### Provided records
+---+

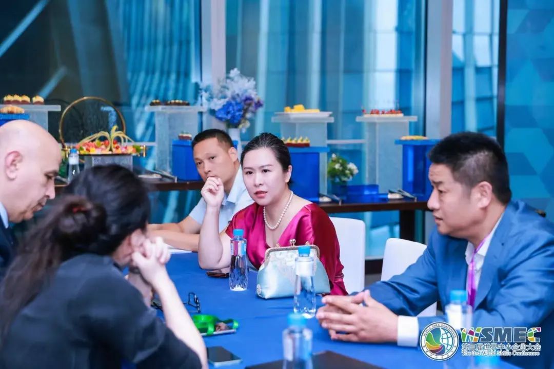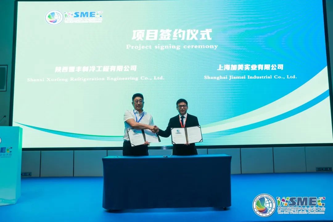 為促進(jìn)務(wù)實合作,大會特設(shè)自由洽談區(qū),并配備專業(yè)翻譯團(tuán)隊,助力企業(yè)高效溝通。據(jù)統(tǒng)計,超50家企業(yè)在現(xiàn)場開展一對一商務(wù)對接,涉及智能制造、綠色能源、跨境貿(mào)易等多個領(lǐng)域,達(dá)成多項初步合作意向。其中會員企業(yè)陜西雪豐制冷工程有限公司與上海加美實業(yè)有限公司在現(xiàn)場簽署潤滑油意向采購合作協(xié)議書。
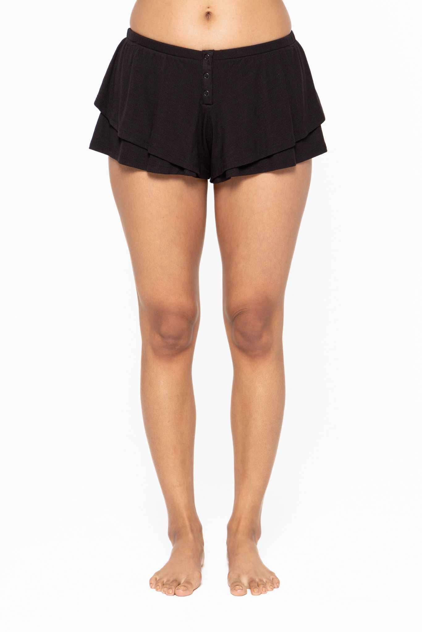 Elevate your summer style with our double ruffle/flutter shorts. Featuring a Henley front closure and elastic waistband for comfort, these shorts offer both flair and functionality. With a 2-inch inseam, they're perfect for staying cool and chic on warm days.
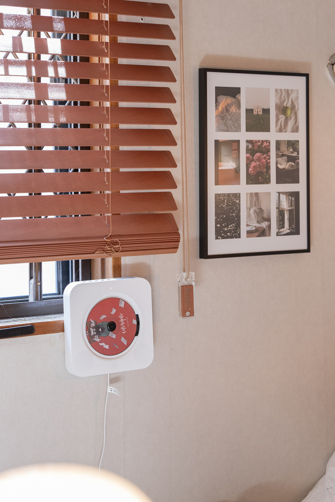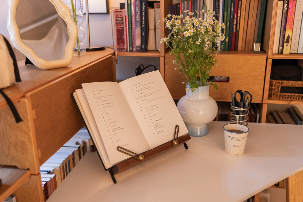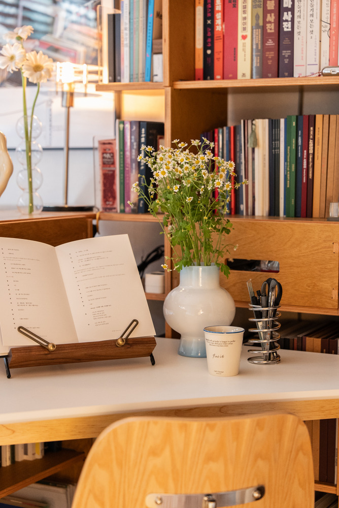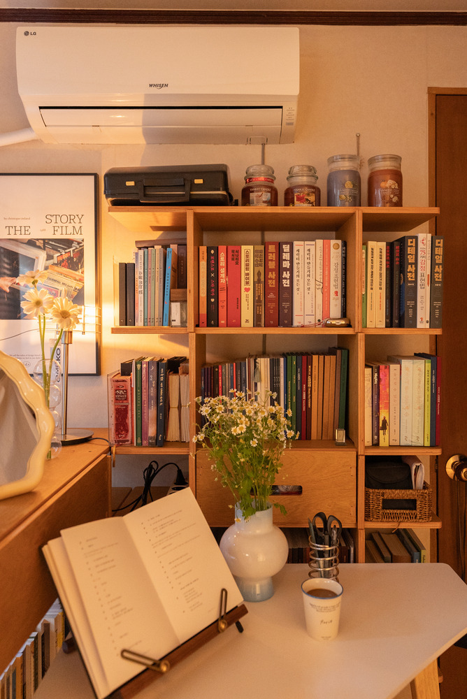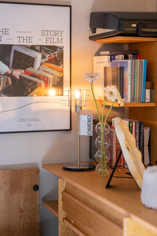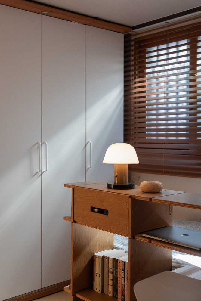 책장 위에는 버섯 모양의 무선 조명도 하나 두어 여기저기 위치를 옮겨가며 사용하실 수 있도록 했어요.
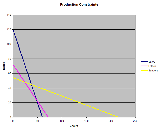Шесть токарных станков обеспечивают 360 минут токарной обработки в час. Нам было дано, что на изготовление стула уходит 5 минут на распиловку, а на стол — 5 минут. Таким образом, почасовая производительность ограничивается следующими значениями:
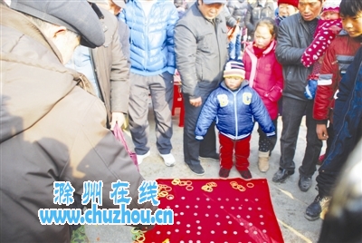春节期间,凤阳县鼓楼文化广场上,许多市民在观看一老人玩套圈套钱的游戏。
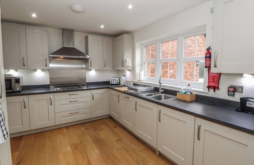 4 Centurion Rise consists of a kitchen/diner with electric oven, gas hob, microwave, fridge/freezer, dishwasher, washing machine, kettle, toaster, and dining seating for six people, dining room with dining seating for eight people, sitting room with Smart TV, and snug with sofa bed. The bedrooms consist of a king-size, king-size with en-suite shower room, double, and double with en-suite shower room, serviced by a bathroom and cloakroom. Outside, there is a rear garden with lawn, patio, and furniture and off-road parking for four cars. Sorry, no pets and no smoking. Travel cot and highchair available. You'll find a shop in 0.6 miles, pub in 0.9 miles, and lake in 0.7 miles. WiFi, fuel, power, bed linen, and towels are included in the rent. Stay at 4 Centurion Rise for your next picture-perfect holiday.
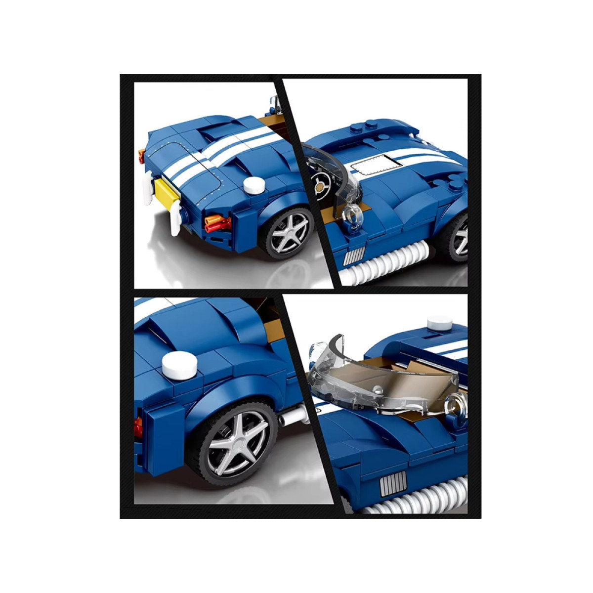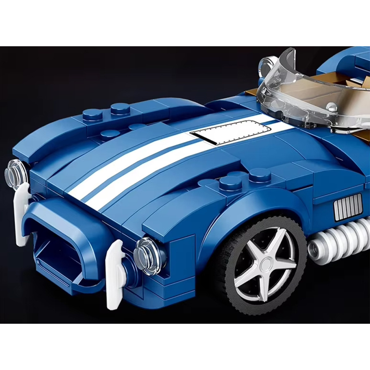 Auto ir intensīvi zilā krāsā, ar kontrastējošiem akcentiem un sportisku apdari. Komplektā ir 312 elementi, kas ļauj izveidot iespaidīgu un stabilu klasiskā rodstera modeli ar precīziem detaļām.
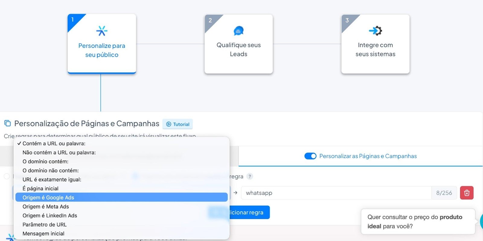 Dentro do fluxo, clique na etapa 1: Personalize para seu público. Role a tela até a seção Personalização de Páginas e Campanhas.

+---+

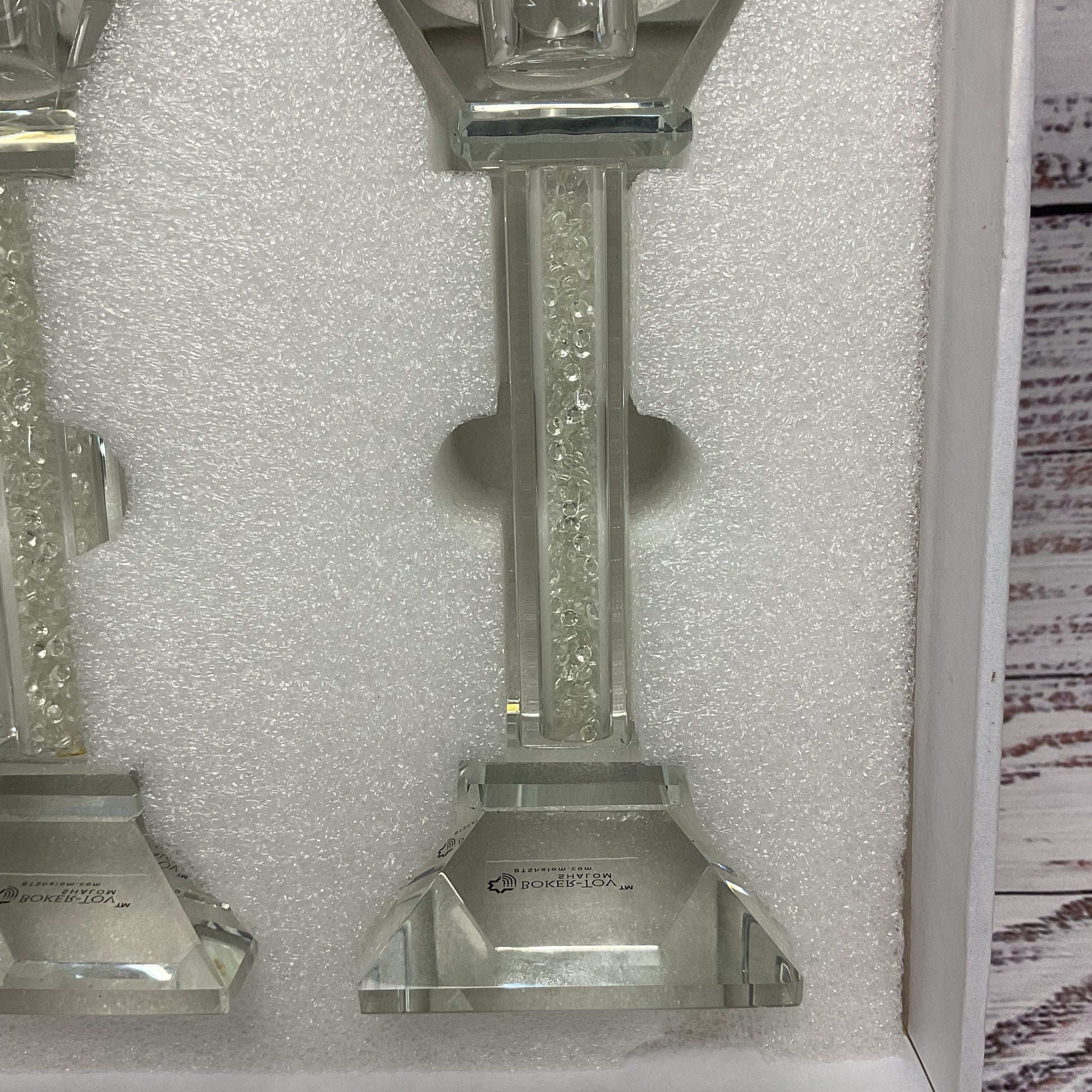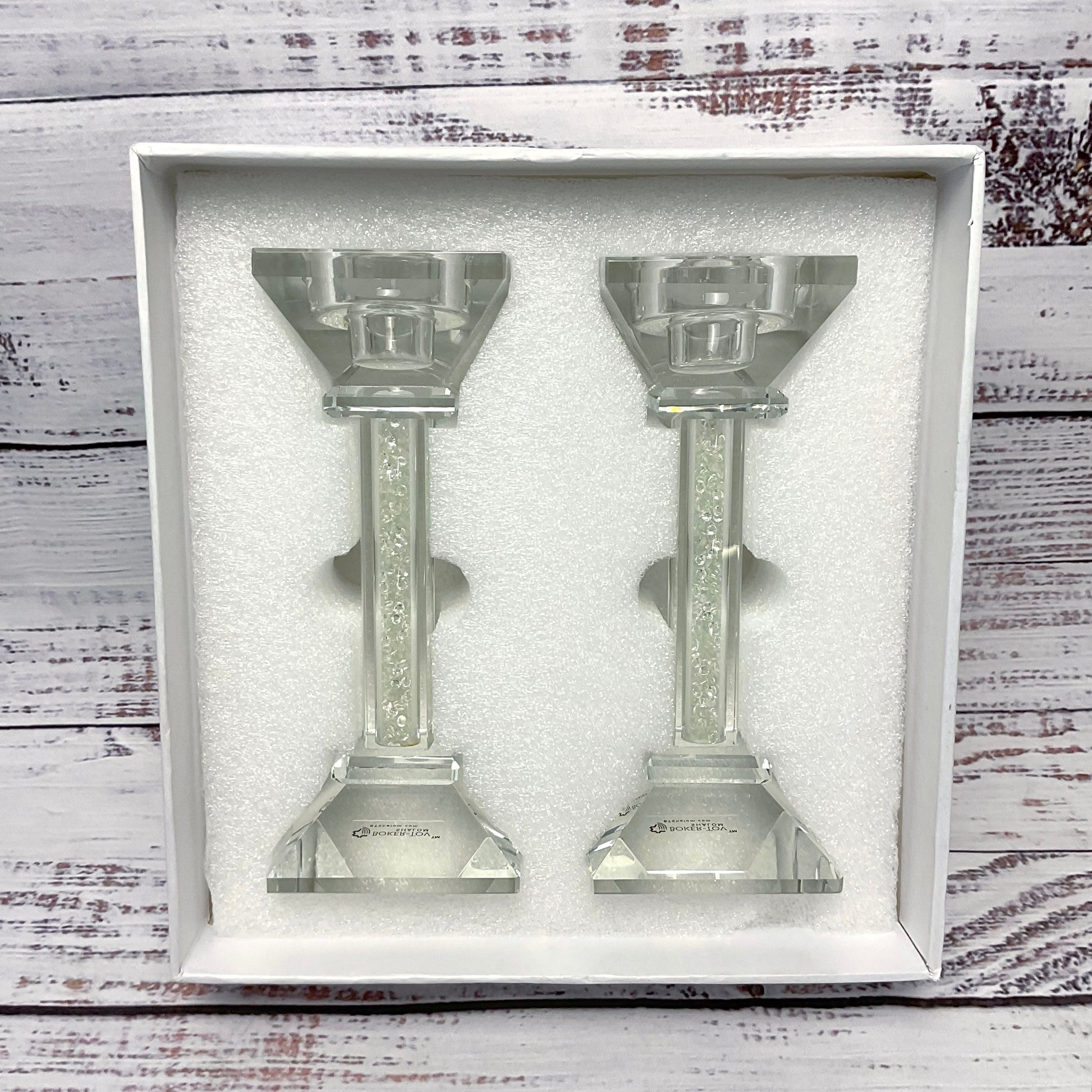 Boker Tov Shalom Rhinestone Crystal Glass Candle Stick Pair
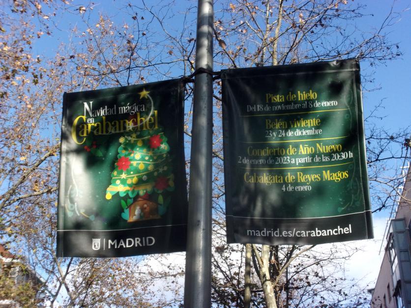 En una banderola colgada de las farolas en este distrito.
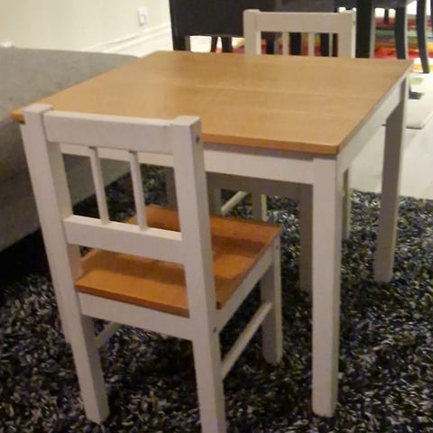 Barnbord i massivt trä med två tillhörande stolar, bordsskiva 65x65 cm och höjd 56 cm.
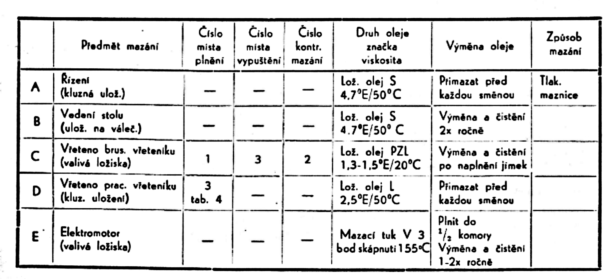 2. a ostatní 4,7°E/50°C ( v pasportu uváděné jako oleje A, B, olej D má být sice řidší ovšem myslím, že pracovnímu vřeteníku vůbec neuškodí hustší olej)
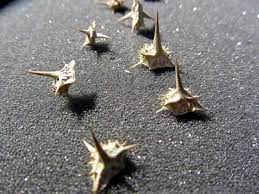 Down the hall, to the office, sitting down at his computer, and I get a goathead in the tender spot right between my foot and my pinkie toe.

+---+

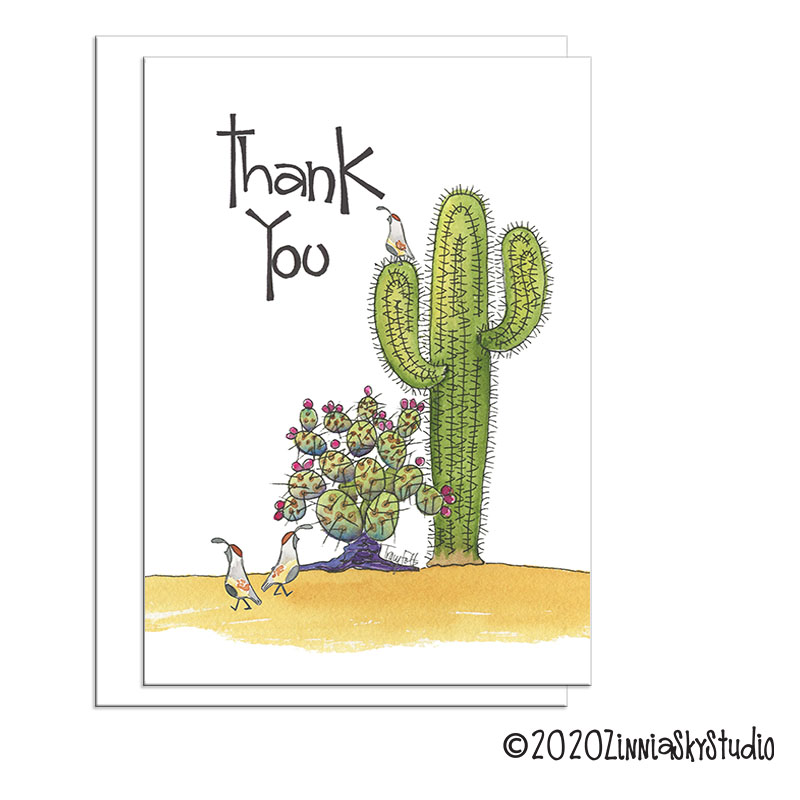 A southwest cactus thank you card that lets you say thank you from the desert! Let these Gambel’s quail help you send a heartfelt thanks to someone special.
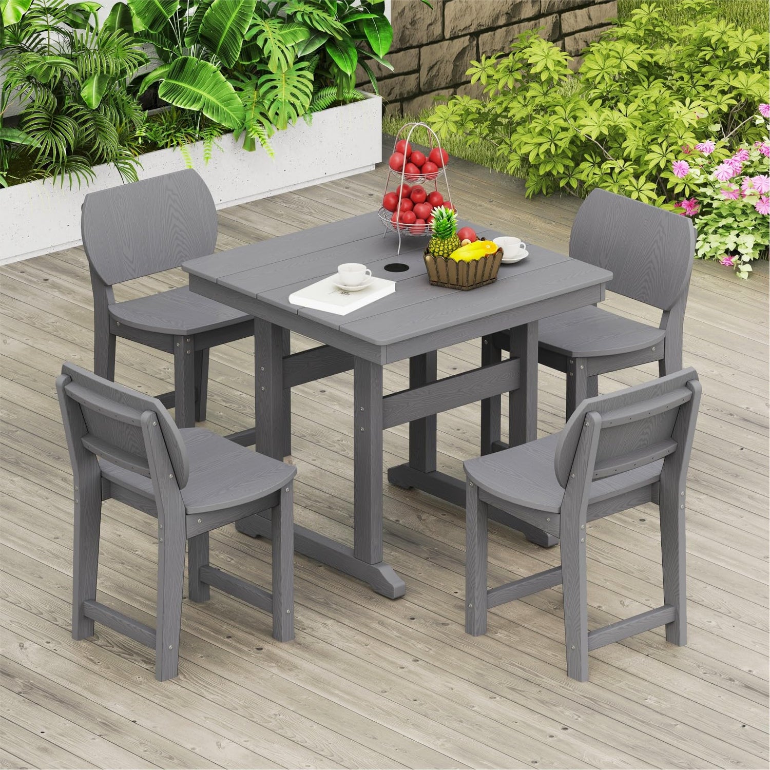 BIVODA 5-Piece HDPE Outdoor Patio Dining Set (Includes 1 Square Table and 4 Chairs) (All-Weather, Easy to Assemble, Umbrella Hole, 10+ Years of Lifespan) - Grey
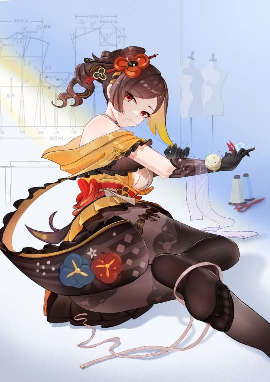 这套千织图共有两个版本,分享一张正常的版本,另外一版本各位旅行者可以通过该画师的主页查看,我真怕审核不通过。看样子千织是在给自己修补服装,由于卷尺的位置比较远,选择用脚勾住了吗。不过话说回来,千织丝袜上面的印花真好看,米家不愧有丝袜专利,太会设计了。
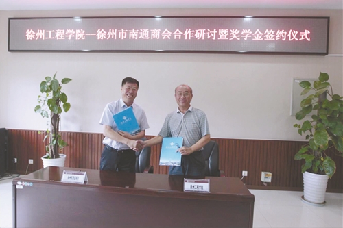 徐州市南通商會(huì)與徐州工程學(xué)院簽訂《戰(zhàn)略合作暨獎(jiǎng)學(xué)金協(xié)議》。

+---+

### Description of the task
In the records above, find the line with "Шесть токарных станков" and the line with "Dentro do fluxo, clique"; please transcribe exactly those two lines and all lines between them, omitting any picture.

### Output for this exercise
Шесть токарных станков обеспечивают 360 минут токарной обработки в час. Нам было дано, что на изготовление стула уходит 5 минут на распиловку, а на стол — 5 минут. Таким образом, почасовая производительность ограничивается следующими значениями:
春节期间,凤阳县鼓楼文化广场上,许多市民在观看一老人玩套圈套钱的游戏。
 4 Centurion Rise consists of a kitchen/diner with electric oven, gas hob, microwave, fridge/freezer, dishwasher, washing machine, kettle, toaster, and dining seating for six people, dining room with dining seating for eight people, sitting room with Smart TV, and snug with sofa bed. The bedrooms consist of a king-size, king-size with en-suite shower room, double, and double with en-suite shower room, serviced by a bathroom and cloakroom. Outside, there is a rear garden with lawn, patio, and furniture and off-road parking for four cars. Sorry, no pets and no smoking. Travel cot and highchair available. You'll find a shop in 0.6 miles, pub in 0.9 miles, and lake in 0.7 miles. WiFi, fuel, power, bed linen, and towels are included in the rent. Stay at 4 Centurion Rise for your next picture-perfect holiday.
 Auto ir intensīvi zilā krāsā, ar kontrastējošiem akcentiem un sportisku apdari. Komplektā ir 312 elementi, kas ļauj izveidot iespaidīgu un stabilu klasiskā rodstera modeli ar precīziem detaļām.
 Dentro do fluxo, clique na etapa 1: Personalize para seu público. Role a tela até a seção Personalização de Páginas e Campanhas.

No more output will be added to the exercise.